The Opening of the Protestant Mind

How Anglo-American Protestants Embraced Religious Liberty

During the mid-17th century, Anglo-American Protestants described Native American ceremonies as savage devilry, Islamic teaching as violent chicanery, and Catholicism as repugnant superstition. By the mid-18th century, they would describe amicable debates between evangelical missionaries and Algonquian religious leaders about the moral appeal of Christianity, recount learned conversations between English merchants and Muslim scholars, and tell of encounters with hospitable and sincere priests in Catholic Canada and Europe.
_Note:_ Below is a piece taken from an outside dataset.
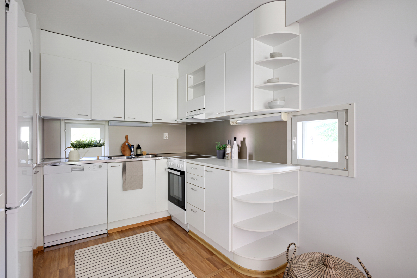 | Keittiön kuvaus | Liesi (sähköliesi), työtasot (laminaatti), lattiat (laminaatti), liesi, liesituuletin, jääkaappipakastin ja astianpesukone |

What explains this poignant shift?

Using a variety of sources—travel narratives, dictionaries and encyclopaedias of the world’s religions, missionary tracts, and sermons, “The Opening of the Protestant Mind” traces a transformation in how English and colonial American Protestants described other religions during a crucial period of English colonization of North America. After the English Revolution of 1688 and the subsequent growth of the British empire, observers began to link Britain’s success to civic moral virtues, including religious toleration, rather than to any particular religious creed. Mark Valeri shows how a wide range of Protestants—including liberal Anglicans, Calvinist dissenters, deists, and evangelicals—began to see other religions not as entirely good or entirely bad, but as complex, and to evaluate them according to their commitment to religious liberty. In the view of these Protestants, varieties of religion that eschewed political power were laudable, while types of religion that combined priestly authority with political power were illegitimate. They also changed their evangelistic practices, jettisoning civilizing agendas in favor of reasoned persuasion.

Valeri neither valorizes Anglo-Protestants nor condemns them. Instead, he reveals the deep ambiguities in their ideas while showing how those ideas contained the seeds of modern religious liberty.

About the Author

Mark Valeri is the Reverend Priscilla Wood Neaves Distinguished Professor of Religion and Politics at Washington University in St. Louis. His book “Heavenly Merchandize: How Religion Shaped Commerce in Puritan America” received the 2011 Philip Schaff Prize from the American Society of Church History. He was a National Endowment for the Humanities fellow at the American Antiquarian Society and a Los Angeles Times Distinguished Fellow in the Culture of the Americas at the Huntington Library.